Ernst Jünger à Carl Schmitt, le 4 juillet 1934, Correspondance 1930-1983 (op. cit., p. 53).
«Cher Ernst Jünger, sur votre phrase : «Peut-être les principes de 1789 survivront-ils aux États qu'ils ont ruinés», cf. la phrase du jeune Hegel : «C'est l'effet d'une loi supérieure qu'un peuple qui a donné au monde un élan nouveau et universel périsse à la fin avant tous les autres, et que son principe prévale, mais non lui-même» (cité dans mes Positions et concepts, note page 113.»
Carl Schmitt à Ernst Jünger, le 6 mars 1956, Correspondance 1930-1983, (p. 239).
Ce volume de 663 pages propose la correspondance actuellement connue de Ernst Jünger avec Carl Schmitt : elle comporte 486 lettres, cartes postales et télégrammes (249 de Jünger et 177 de Schmitt) qui s'échelonnent de 1930 à 1983. Elle bénéficie des ajouts de la seconde édition allemande de 2012. Sa colossale section allemande de notes historiques, littéraires, philosophiques, artistiques (1054 notes réparties sur les pp. 363 à 579) est non seulement intégralement traduite mais encore, à l'occasion, elle-même annotée par les éditeurs français. Ces chiffres aideront à mesurer le travail fourni par les éditeurs allemands puis français (du côté français il s'agit d'une coédition entre le défunt Pierre-Guillaume de Roux et les éditions Krisis, du nom de la revue Krisis, une des revues fondées par Alain de Benoist).

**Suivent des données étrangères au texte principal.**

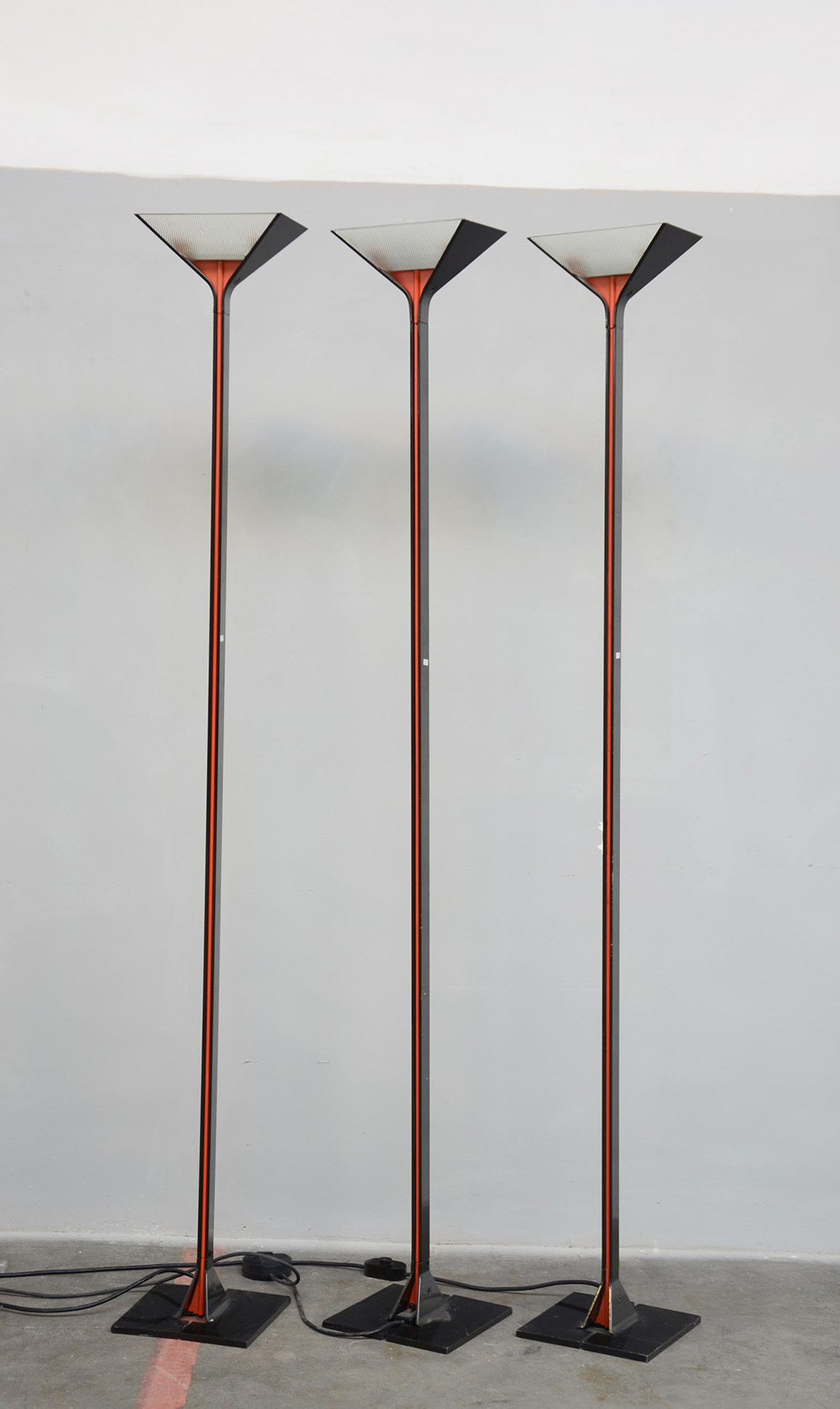 Tobia Scarpa (1935) Lotto composto da tre lampade da terra modello "Papillona", Produzione Flos, Milano 1975. Alluminio pressofuso nero (h. cm 191) (difetti e mancanze) -EN Lot comprising three "Papillona" floor lamps, produced by Flos, Milano 1975 (defects and losses)

Ernst Jünger est âgé de trente-cinq ans en 1930; Carl Schmitt est son aîné, âgé de quarante-deux ans : la différence d'âge me semble pourtant pratiquement abolie, dans leur correspondance, par une remarquable complicité intellectuelle, une véritable communauté d'esprit même si Carl Schmitt signe parfois ses cartes postales et ses lettres d'un «votre vieux Carl Schmitt», et cela dès les années 1940.
À mesure que le temps décante la position de Ernst Jünger (1895-1998) au vingtième siècle, il nous révèle une image toujours plus fouillée et complexe mais qui risquerait de recouvrir l'essentiel : Jünger fut d'abord un intellectuel critique du rationalisme moderne. Sa conception chevaleresque de la vie était celle du lecteur de Nietzsche qu'il ne cessa d'être. Les sources de l'irrationalisme de Jünger remontent certes plus haut dans l'histoire de la pensée allemande. Jünger fut lecteur de Herder et fut aussi un peu à l'image du Faust vieillissant de Goethe; il ne cessa de retremper et de rajeunir son âme dans le sentiment, le rêve et l'action. D'où son goût pour les expériences limites : les Approches, drogues et ivresse (publié en 1970 mais relatant des expériences parfois entreprises dès les années 1950) comme la guerre en 1920 ou en 1940 sont pour lui autant de moyens d'approcher une sorte de transe sacrée, une expérience intérieure d'essence religieuse au sens primitif et archaïque : de ce point de vue, on peut dire rétrospectivement que Roger Caillois avait sans doute mieux lu Orages d'acier que ne l'avait fait André Gide qui n'y voyait qu'un remarquable récit purement objectif. D'où aussi sa méfiance des genres littéraires prédéterminés et contraignants : Jünger écrit des romans symboliques, des romans à clés, des descriptions entomologiques, des choix de rêves, des journaux intimes, des récits et des souvenirs historiques, toujours entrecoupés de citations et de méditations inopinées. Ses contemporains allemands l'honorent à partir de 1920 et de la parution de ses Journaux de guerre (en particulier d'Orages d'acier) mais sa vitalité et son héroïsme sont encore notables en 1940 puisqu'il reçoit, à quarante-cinq ans, la Croix de fer pour avoir ramené un blessé sous le feu de l'ennemi :
«Il avait certes agi avec légèreté et il y avait un mort avec lui, que j'ai ramené comme l'autre ― ce qui m'a fait repenser au début du [Ainsi parlait] Zarathoustra où Zarathoustra revient avec un mort et un fou» (lettre de Jünger à Schmitt du 26 juin 1940, page 99).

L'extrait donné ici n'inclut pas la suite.